§ **Records**:
==============================

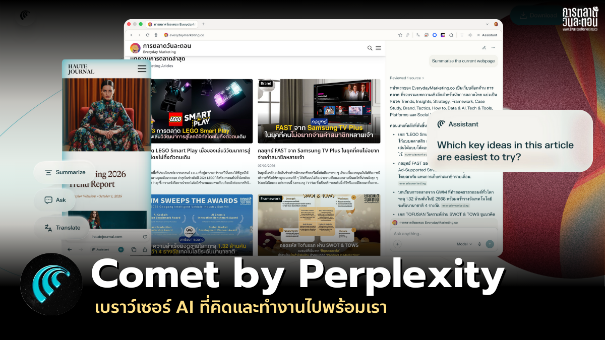 ถ้าเราย้อนกลับไปไม่กี่ปีก่อน วิธีใช้อินเทอร์เน็ตของคนทำงานแทบทุกสายจะเหมือนกัน เปิดเบราว์เซอร์ พิมพ์คำค้น คลิกหลายแท็บ อ่านเอง คิดเอง แล้วพอเริ่มสับสนหรืออยากสรุป ก็สลับไปถาม AI ในอีกหน้าต่างหนึ่ง วนแบบนี้ซ้ำไปซ้ำมา ซึ่งก่อนหน้านี้เราได้แนะนำ ChatGPT Atlas เพื่อเข้ามาช่วย แต่หนึ่งในข้อจำกัดสำคัญของ Atlas คือ เปิดให้ใช้งานบน macOS เป็นหลัก บทความนี้เลยจะพามาทำความรู้ Comet by Perplexity เบราว์เซอร์ AI อีกตัวที่เป็นผู้ช่วยคิดและทำงานไปพร้อมเรา และสามารถใช้งานได้บน Windows ด้วยครับ
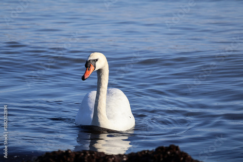mute swan, cygnet, white swan, bird, wildlife, nature, black sea, bulgaria, east europe, coastal, shoreline, sea, water, marin, travel, graceful, tranquil, peaceful, serene, poetic, minimalist, natural light, swimming, standing, preen, closeup, feather, beak, wild bird, animal, environment, seascape, photo
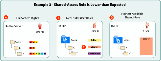 Because the Editor shared-access role is the minimum shared-access role in the Net Folder (letter B), User A can only assign the Editor shared access role when sharing the Net Folder and share recipients could only exercise Editor-level rights in folders X and Y.
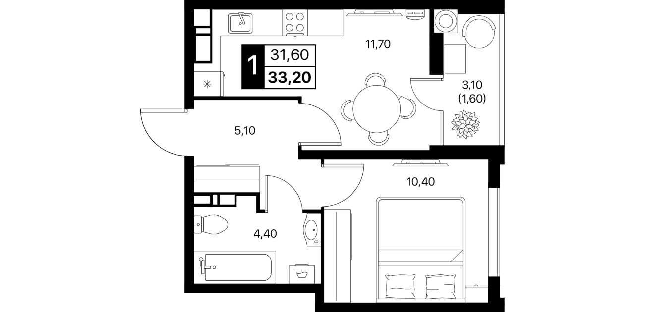Чистый лист для вашего дизайна. Потолки покрашены, стены выровнены под обои, на полу аккуратный ковролин; электрика разведена, установлен базовый свет. Санузел собран (ванна, унитаз, раковина) — въезжайте и доводите интерьер без пыли и черновых работ.
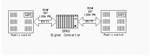 因?yàn)樾帕顦?biāo)準(zhǔn)不同,部分國(guó)外通信設(shè)備無(wú)法與國(guó)內(nèi)通訊網(wǎng)互通互連,SPAS-2000可編程交換機(jī)接口豐富,支持信令標(biāo)準(zhǔn)全面,成本低廉,可以為中國(guó)一號(hào)信令、七號(hào)信令、ISDN PRI(E1/T1)、環(huán)路信令、接入網(wǎng)V5信令等標(biāo)準(zhǔn)之間的轉(zhuǎn)換提供靈活完整的解決方案,同時(shí)當(dāng)輸入和輸出的中繼接口不同時(shí),其語(yǔ)音編碼可能不同,可利用多功能信號(hào)音板實(shí)現(xiàn)語(yǔ)音編碼的轉(zhuǎn)換(例如可以實(shí)現(xiàn)A LAW和U LAW之間的語(yǔ)音互轉(zhuǎn))。連接圖見(jiàn)圖1:
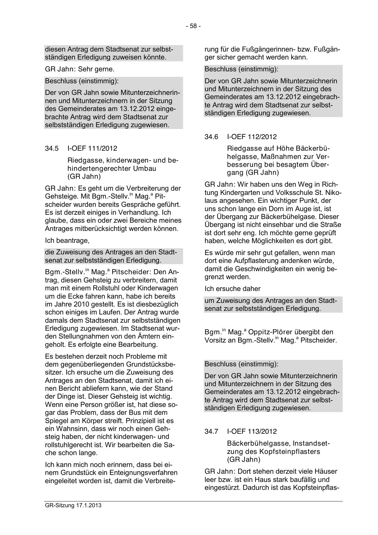 des Gemeinderates am 13.12.2012 eingebrachte Antrag wird dem Stadtsenat zur

==============================

§ **Problem statement**:
Reproduce the material exactly. Pictures stay out.

§ **Written solution**:
 ถ้าเราย้อนกลับไปไม่กี่ปีก่อน วิธีใช้อินเทอร์เน็ตของคนทำงานแทบทุกสายจะเหมือนกัน เปิดเบราว์เซอร์ พิมพ์คำค้น คลิกหลายแท็บ อ่านเอง คิดเอง แล้วพอเริ่มสับสนหรืออยากสรุป ก็สลับไปถาม AI ในอีกหน้าต่างหนึ่ง วนแบบนี้ซ้ำไปซ้ำมา ซึ่งก่อนหน้านี้เราได้แนะนำ ChatGPT Atlas เพื่อเข้ามาช่วย แต่หนึ่งในข้อจำกัดสำคัญของ Atlas คือ เปิดให้ใช้งานบน macOS เป็นหลัก บทความนี้เลยจะพามาทำความรู้ Comet by Perplexity เบราว์เซอร์ AI อีกตัวที่เป็นผู้ช่วยคิดและทำงานไปพร้อมเรา และสามารถใช้งานได้บน Windows ด้วยครับ
mute swan, cygnet, white swan, bird, wildlife, nature, black sea, bulgaria, east europe, coastal, shoreline, sea, water, marin, travel, graceful, tranquil, peaceful, serene, poetic, minimalist, natural light, swimming, standing, preen, closeup, feather, beak, wild bird, animal, environment, seascape, photo
 Because the Editor shared-access role is the minimum shared-access role in the Net Folder (letter B), User A can only assign the Editor shared access role when sharing the Net Folder and share recipients could only exercise Editor-level rights in folders X and Y.
Чистый лист для вашего дизайна. Потолки покрашены, стены выровнены под обои, на полу аккуратный ковролин; электрика разведена, установлен базовый свет. Санузел собран (ванна, унитаз, раковина) — въезжайте и доводите интерьер без пыли и черновых работ.
 因?yàn)樾帕顦?biāo)準(zhǔn)不同,部分國(guó)外通信設(shè)備無(wú)法與國(guó)內(nèi)通訊網(wǎng)互通互連,SPAS-2000可編程交換機(jī)接口豐富,支持信令標(biāo)準(zhǔn)全面,成本低廉,可以為中國(guó)一號(hào)信令、七號(hào)信令、ISDN PRI(E1/T1)、環(huán)路信令、接入網(wǎng)V5信令等標(biāo)準(zhǔn)之間的轉(zhuǎn)換提供靈活完整的解決方案,同時(shí)當(dāng)輸入和輸出的中繼接口不同時(shí),其語(yǔ)音編碼可能不同,可利用多功能信號(hào)音板實(shí)現(xiàn)語(yǔ)音編碼的轉(zhuǎn)換(例如可以實(shí)現(xiàn)A LAW和U LAW之間的語(yǔ)音互轉(zhuǎn))。連接圖見(jiàn)圖1:
 des Gemeinderates am 13.12.2012 eingebrachte Antrag wird dem Stadtsenat zur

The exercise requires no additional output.